Full-Fat Yogurt (5%)
Since full-fat yogurt has many of the same nutrients as whole milk, it is incredibly healthy.
But yogurt is also a great source of probiotic bacteria because it has live cultures.
Carbohydrates: 5 grams per 100 grams or 11 grams per 8-ounce container.
Greek Yogurt (4%)
Greek yogurt, also referred to as strained yogurt, is significantly thicker than regular yogurt. It contains a lot of healthy nutrients, particularly protein.
Carbohydrates: 4 grams per 100 grams, or 6 grams per 6-ounce container.
7. Fats and Oils with low carbohydrates
A low-carb, real-food-based diet is acceptable for consuming a variety of healthy fats and oils.
When consumed in excess, refined vegetable oils like soybean or corn oil are extremely unhealthy, so stay away from them.
Butter (Zero)
Butter has been making a comeback after being demonized in the past for its high content of saturated fat. If you can, choose grass-fed butter because it contains more vitamins and minerals.
0 carbohydrates.
Extra Virgin Olive Oil (Zero)
The world's healthiest fat is extra virgin olive oil.
With its abundance of potent antioxidants and anti-inflammatory compounds, it is a mainstay of the heart-healthy Mediterranean diet.
0 carbohydrates.
Coconut Oil (Zero)
Medium-chain fatty acids, which are abundant in coconut oil and have significant positive effects on your metabolism, are a very healthy type of fat.
These fatty acids have been demonstrated to decrease appetite, increase fat burning, and aid in the reduction of belly fat (17, 18, 19, 20).
0 carbohydrates.
Other Low-Carb Friendly Fats
- Avocado oil
- Lard
- Tallow
8. Beverages with low carbohydrates
On a low-carb diet, the majority of sugar-free beverages are perfectly acceptable.
Remember that fruit juices should not be consumed because they are very high in sugar and carbohydrates.
Water (Zero)
No matter how the rest of your diet is structured, water should always be your preferred beverage.
0 carbohydrates.
Coffee (Zero)
Despite being maligned in the past, coffee is one of the top sources of dietary antioxidants and is actually very healthy.
Additionally, studies have shown that people who drink coffee live longer and are less likely to develop serious illnesses like type 2 diabetes, Parkinson's, and Alzheimer's (21, 22, 23, 24, 25, 26).
To avoid adding anything unhealthy, drink your coffee black, though full-fat milk or heavy cream are also acceptable.
0 carbohydrates.
Tea (Zero)
Studies have shown that tea, particularly green tea, has several impressive health benefits.
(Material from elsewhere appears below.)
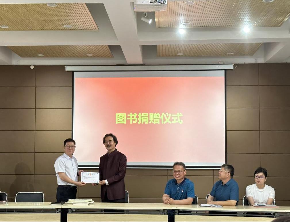 杨教授任教几十载,在教书育人的同时,也翻译了数十部外文书籍,在自己热爱的事业中发光发热,并将曾翻译过的多部外文书籍捐赠给学院,以此作为坚实基础汇入学院的发展历程。汪江华为杨教授送上捐赠证书,并代表学院向杨教授的无私奉献表示感谢。教师代表杨永娟为杨教授送上献花,表达全体教师对杨教授的祝福与不舍。
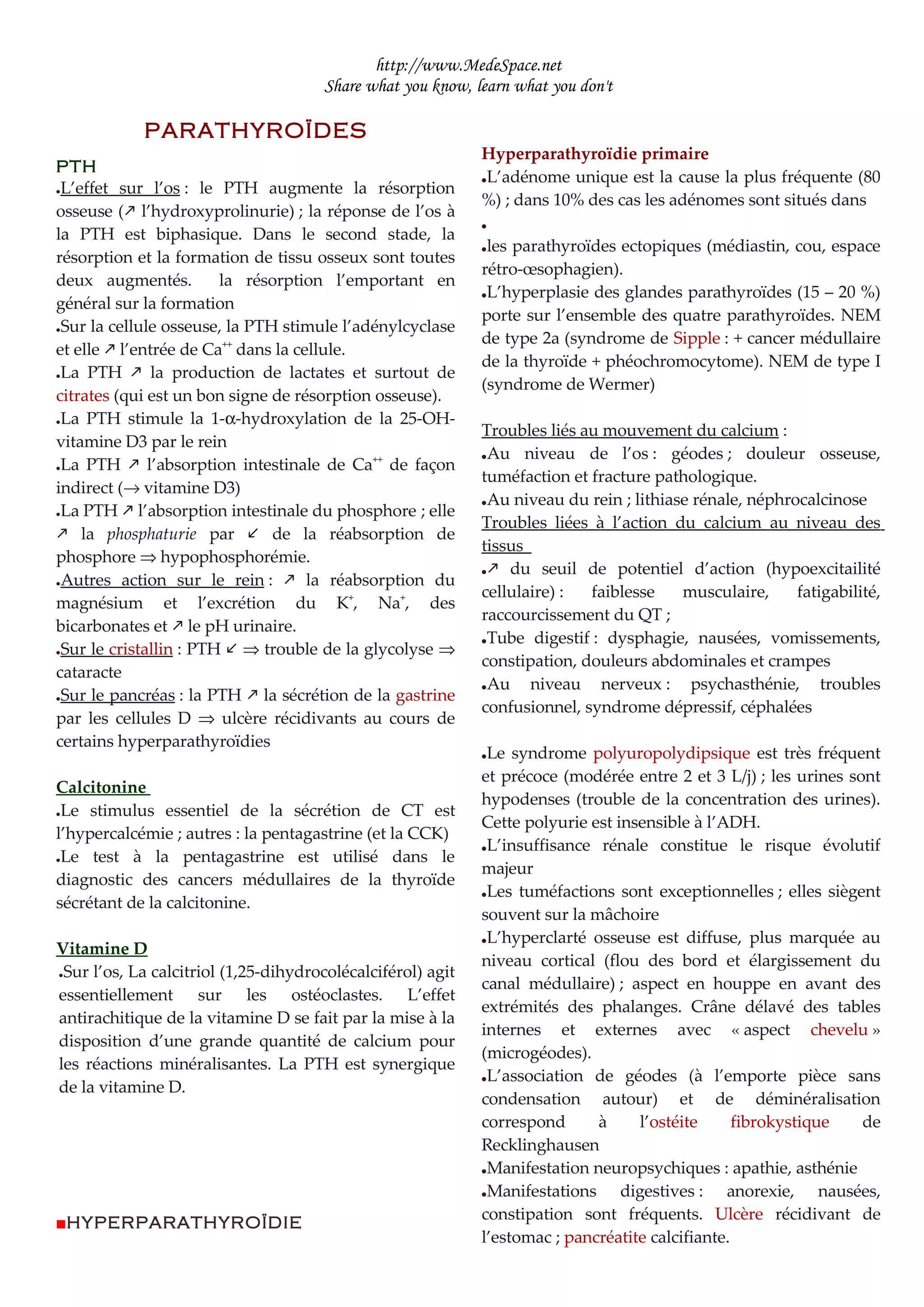 Le document traite des effets des parathyroïdes sur le métabolisme du calcium et du phosphore, ainsi que des manifestations cliniques de l'hyperparathyroïdie. Il souligne le rôle crucial de la PTH (hormone parathyroïdienne) dans la résorption osseuse, l'absorption intestinale de calcium et les conséquences d'un déséquilibre, comme l'hypercalcémie. En outre, il aborde les diagnostics associés et les manifestations spécifiques liées à divers troubles endocriniens.

It might even marginally increase fat burning (27, 28).
0 carbohydrates.
Club Soda / Carbonated Water (Zero)
In essence, club soda is just water with carbon dioxide added. As long as it doesn't contain sugar, it's fine. Make sure by reading the label.
0 carbohydrates.
9. Other Foods with low carbohydrates
The last group of foods is those that don't quite fall into any other category.
Dark Chocolate
Some people might be surprised to learn that good dark chocolate makes the ideal low-carb treat.
Select genuine dark chocolate with a cocoa content of at least 70 to 85%. This guarantees that there is little sugar in it.
There are many advantages to dark chocolate, including increased blood pressure and brain function (29, 30).
Additionally, studies reveal that eating dark chocolate significantly lowers the risk of developing heart disease (31).
Remember that about 25% of the carbs in dark chocolate are fiber, which reduces the total amount of digestible net carbs when comparing the numbers below.
13 grams of carbohydrates are present per ounce, or 46 grams per 100 grams. The type will determine this, so be sure to read the label.
Herbs, Spices, and Condiments
An infinite number of delectable herbs, spices, and condiments are available. The majority of them have very few carbohydrates but are incredibly nutritious and help make your meals taste better.
Salt, pepper, garlic, ginger, cinnamon, mustard, and oregano are a few famous examples.
The Bottom Line
Cutting back on carbohydrates can be simple and have significant health advantages.
The majority of low-carb foods are incredibly tasty, wholesome, and healthy.
They also cover a wide variety of important food groups, such as meats, fish, vegetables, fruits, dairy products, and many others.
You can reduce your weight and enhance your health by following a balanced, low-carb diet made up of real foods.